Asymmetric encoder/decoder with a classifier head. Encoder reads the request,
no feed-forward blocks (attention + gated residuals only) for compact
representation. Decoder cross-attends to the encoder output and to a fixed
embedding of every available route (skills/tools/agents). Classifier head
emits per-route relevance scores. Top-K extraction is deterministic
tie-breaking by route ID hash. Full spec in
[`spec/architecture.md`](spec/architecture.md).

## Repository structure

```
mind-nerve/
  README.md                       this file
  ROADMAP.md                      phased delivery plan
  LICENSE.md                      Apache-2.0 architecture, weights separate
  spec/                           authoritative design documents
    architecture.md
    quality_targets.md
    integration_surface.md
  src/                            pure MIND implementation
    lib.mind
    model.mind
    inference.mind
    evidence.mind
  cli/
    main.mind                     single-binary entrypoint
  integrations/
    claude-code/                  TypeScript hook shim
    codex/                        shell hook wrapper
    mcp/                          MCP server façade
  tests/
    bit_identity/                 cross-architecture reproducibility
    accuracy/                     classification benchmarks
```

## License

The architecture, integration shims, and reference inference loop are
Apache-2.0. Trained weights are not distributed under this license; weight
distribution is handled separately under STARGA terms.

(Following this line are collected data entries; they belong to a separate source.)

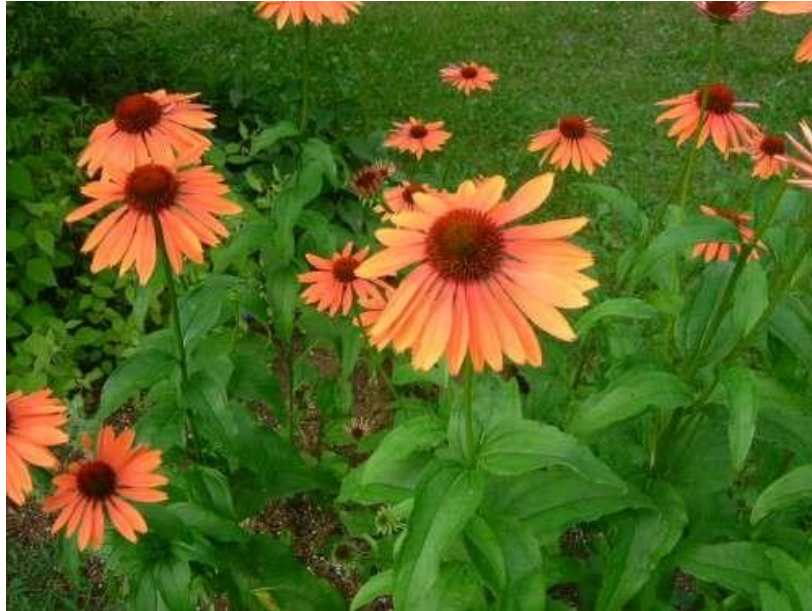
Figure 42 - Sundown Echinacea

Uses: One of the best oranges, very fragrant
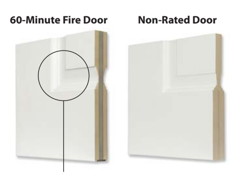
Profiles on fire-rated doors have true depth and definition, not plant-on mouldings

You no longer need to settle for flush doors with plant-on mouldings when it comes to fire doors. All TruStile fire doors feature full panel relief and are carefully engineered to match our non-rated doors.
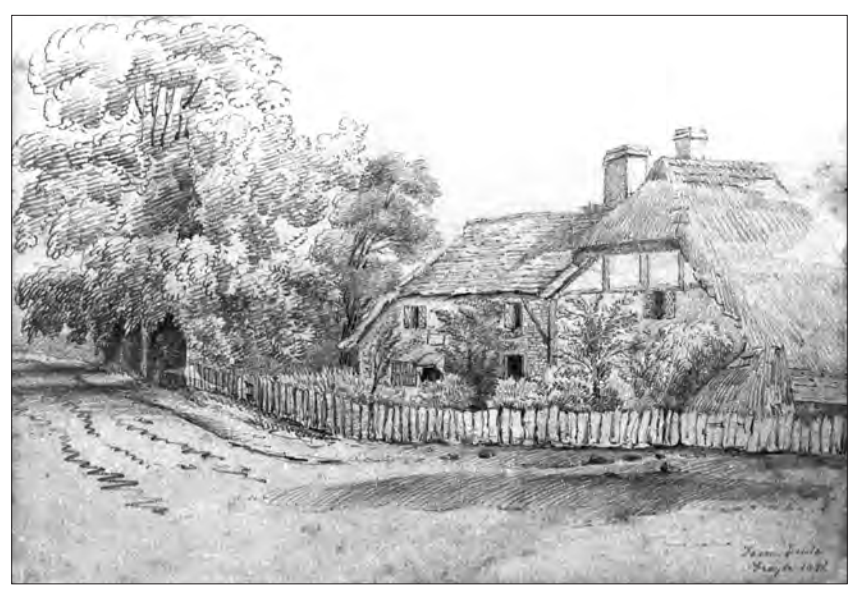
Blundens Farm House in 1836. The artist is unknown
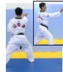
48)Step forward front stance choke grab Ki-hap
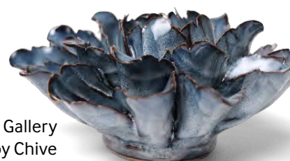
Saatchi Gallery Blue Flower by Chive £42.50
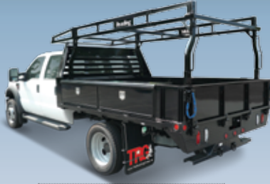
Steel Contractor Bodies
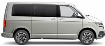
Candy White/ Ascot Grey

*Availability of exterior paint finishes will vary from images shown.
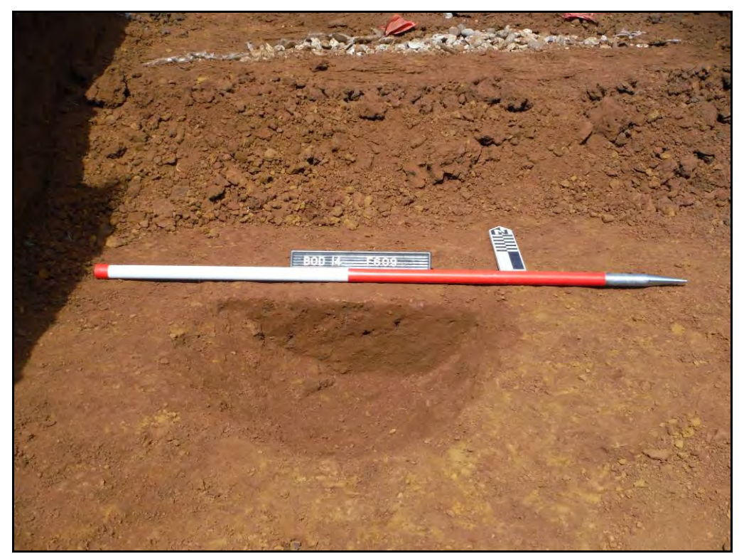
Figure 9- N-facing view of pit/linear terminus F.609. Note modern land drain in the background (Scale- 1 x 1m)
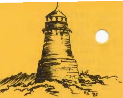
Bug Light South Portland
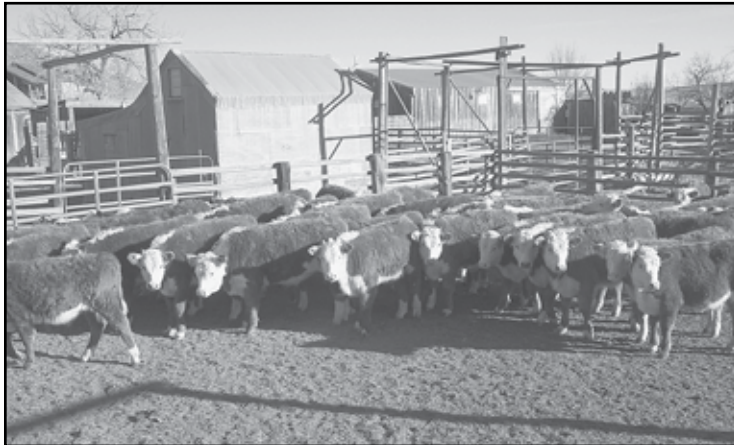
Shipping day at the Seim Ranch.

Dam's MPPA is 103.4 on 3 head. Ranks in the top 1% for WW top 2% for YW and top 10% for M&G. This bull was used on cows as a yearling. He has been trich tested.
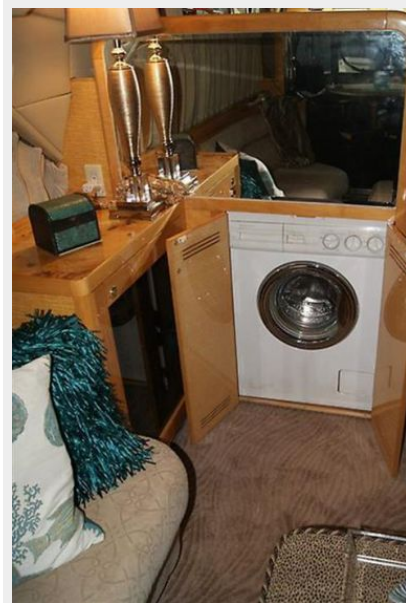
226 Salon Washer Dryer
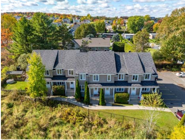
Lemieux 11 - 01
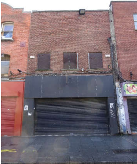
Fig. 3: The principal (west) elevation of No.13 Moore Street
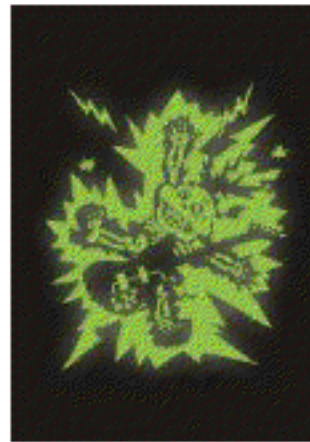
Glow in the Dark
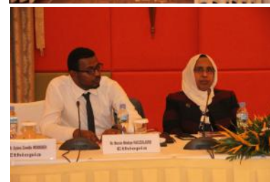
Participants from Ethiopia and Somalia
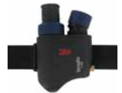
3M™ Versaflo™ V-500E Regulator
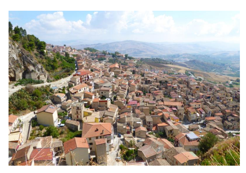
Fig. 7. Castronovo, viewed from Colle San Vitale.

In the current state of research, the structures that have been brought to light cannot be dated precisely. However, the few sherds associated with the abandonment of the buildings are attributed to the early middle ages8. The assemblage of roofing debris recovered from the final collapse layer included tiles decorated with a
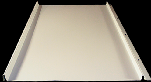
2 Rib Panel
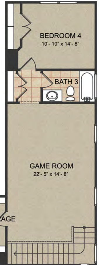
Second Floor w/ Bath 3 & Optional Bedroom 4

For more information, visit our website at BuffingtonHomesAR.com
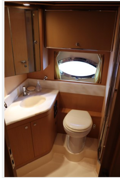
Riva 59 AFT Master Head1
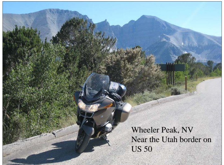
Wheeler Peak, NV Near the Utah border on US 50

I rode down the main drag admiring the costumes and booths
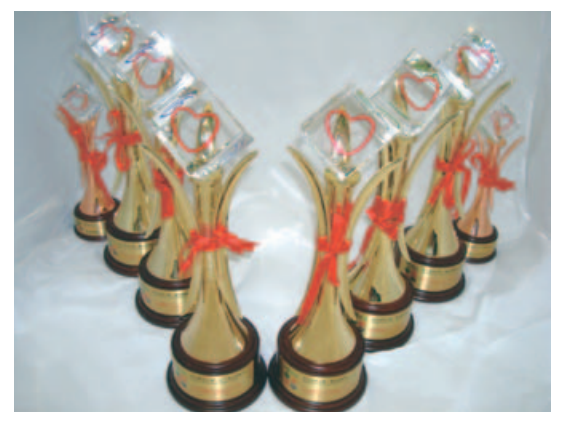
Safety Performance Awards
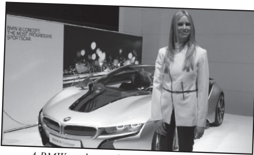
A BMW spokesmodel displays a futuristic new concept.
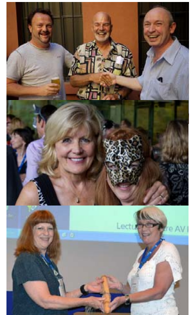
Top to bottom: Informal dinner, Conference dinner, Closing ceremony
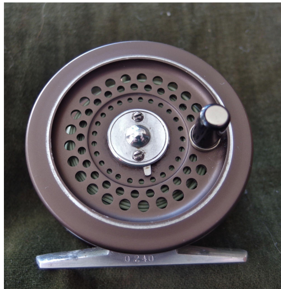
Sage 505L made in england
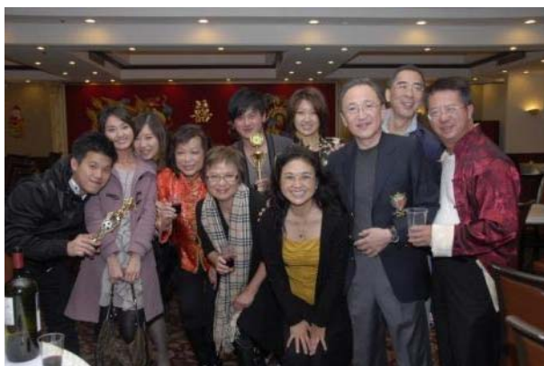
Winners of video game and Mahjong

See [`LICENSE.md`](LICENSE.md) for the full split.

## Dependencies

- `mind-runtime` — provides the 18-backend lowering matrix
- `mind-mem` (optional) — consumes mind-nerve preselection for tool routing

No third-party machine learning framework dependency. No PyTorch, no ONNX,
no TensorFlow in the inference path. Pure MIND end-to-end.